Not so fast, say many wizards.
Humans have experienced greater well-being over the past 300 years, since the dawn of industrial revolution, than at any prior period of human history. That period has been characterized by global temperatures and other biophysical conditions that have been at the very edge, or even outside of, those experienced during most of human evolutionary history. So who is to say that humans won’t do just fine on a hotter planet?
The imprecision of either claim is evidence of just how unlikely it is that any of these sorts of arguments will be resolved empirically. Ascertaining where, proximately, such limits may lie and what might be required to avoid transgressing them requires foreknowledge that we simply don’t have. Will human numbers peak? If so, when and at what level? Are our appetites for material goods and services endless, or is there some point at which most of us decide we have enough?
With cheap fission, and ultimately fusion energy, many wizards ask, why shouldn’t humans continue to thrive at current levels of population and consumption? It certainly won’t be because we run out of energy. And with enough cheap clean energy, we can solve most other environmental problems, too. Humans have, over many tens of thousands of years, dramatically raised Earth’s carrying capacity. A planet that was once able to support perhaps a few million humans today is capable of supporting 7 billion. So how confident should we be in present-day estimates of carrying capacity?
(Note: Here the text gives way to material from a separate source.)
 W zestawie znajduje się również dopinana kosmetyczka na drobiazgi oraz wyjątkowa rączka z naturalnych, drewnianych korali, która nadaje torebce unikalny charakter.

The answer for prophets is precaution. Given that there are unknowable but probably catastrophic risks of exceeding planetary boundaries, we shouldn’t risk crossing them. But remedies of this sort are more easily offered than implemented and bring a range of confounding trade-offs. Several billion people globally still live in deep agrarian poverty. Rising incomes bring higher per capita consumption but also lower fertility rates. A wealthier planet is one that is able to invest in cleaner, less resource-intensive technologies. It will also be more resilient to climate change and other global environmental threats.
A world that is poorer, more populous, and lower-tech may ultimately turn out to be one that is every bit as unsustainable as one that is richer, less populous, and higher-tech. And the notion that the world might formally decide to limit human consumption in orderly and equitable fashion is, in the end, no less preposterous than the idea that a high priesthood of scientists and technocrats might save us through the wise application of technology and infrastructure.
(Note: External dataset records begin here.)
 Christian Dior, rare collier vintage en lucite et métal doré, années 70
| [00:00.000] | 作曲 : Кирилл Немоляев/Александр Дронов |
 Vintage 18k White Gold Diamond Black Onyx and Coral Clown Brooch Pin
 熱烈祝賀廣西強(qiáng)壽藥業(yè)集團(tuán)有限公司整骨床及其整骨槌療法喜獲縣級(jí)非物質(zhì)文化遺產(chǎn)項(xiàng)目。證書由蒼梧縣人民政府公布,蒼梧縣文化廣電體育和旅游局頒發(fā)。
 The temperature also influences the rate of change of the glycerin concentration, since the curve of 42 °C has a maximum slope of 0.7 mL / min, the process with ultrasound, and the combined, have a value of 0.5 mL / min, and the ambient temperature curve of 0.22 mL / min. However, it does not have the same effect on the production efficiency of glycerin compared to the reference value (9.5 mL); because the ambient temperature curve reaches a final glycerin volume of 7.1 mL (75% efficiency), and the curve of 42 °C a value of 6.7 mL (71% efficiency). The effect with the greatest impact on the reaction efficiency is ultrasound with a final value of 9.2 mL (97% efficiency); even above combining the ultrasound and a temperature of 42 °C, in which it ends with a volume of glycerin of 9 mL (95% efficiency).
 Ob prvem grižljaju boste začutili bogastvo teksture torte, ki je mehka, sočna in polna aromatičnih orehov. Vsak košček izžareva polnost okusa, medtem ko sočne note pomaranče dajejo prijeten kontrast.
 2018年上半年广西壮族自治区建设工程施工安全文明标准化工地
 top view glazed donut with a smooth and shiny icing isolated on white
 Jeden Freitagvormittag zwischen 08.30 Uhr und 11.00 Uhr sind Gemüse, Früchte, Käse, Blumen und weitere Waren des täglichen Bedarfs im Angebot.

Still, the temptation to caricature wizards as mad scientists bent upon despoiling the earth, and prophets as hair shirt–wearing Luddites, is too often irresistible—even as most wizards today acknowledge, at least implicitly, that the prophets have a point, and vice-versa. It is always easier to caricature one’s nemesis than grapple with the limitations of one’s own agenda.
In the end, neither the notion that we might solve our ecological challenges simply by dramatically downscaling consumption nor its antonym, that technology alone will save us, holds up well to much scrutiny. Clearly, human population and material consumption will need to peak and decline at some point in the current century to avoid, if not catastrophe, the transformation of the planet into a fully artificial environment. And clearly, substantial technological change will also be necessary to sustain an ecologically vibrant planet. Wizards and prophets may continue to disagree on the best pathway to either eventuality. But recognizing that both eventualities will likely be necessary is at least the starting point for a conversation that might take us beyond our ancient feud.
Ted Nordhaus is the founder and executive director of the Breakthrough Institute.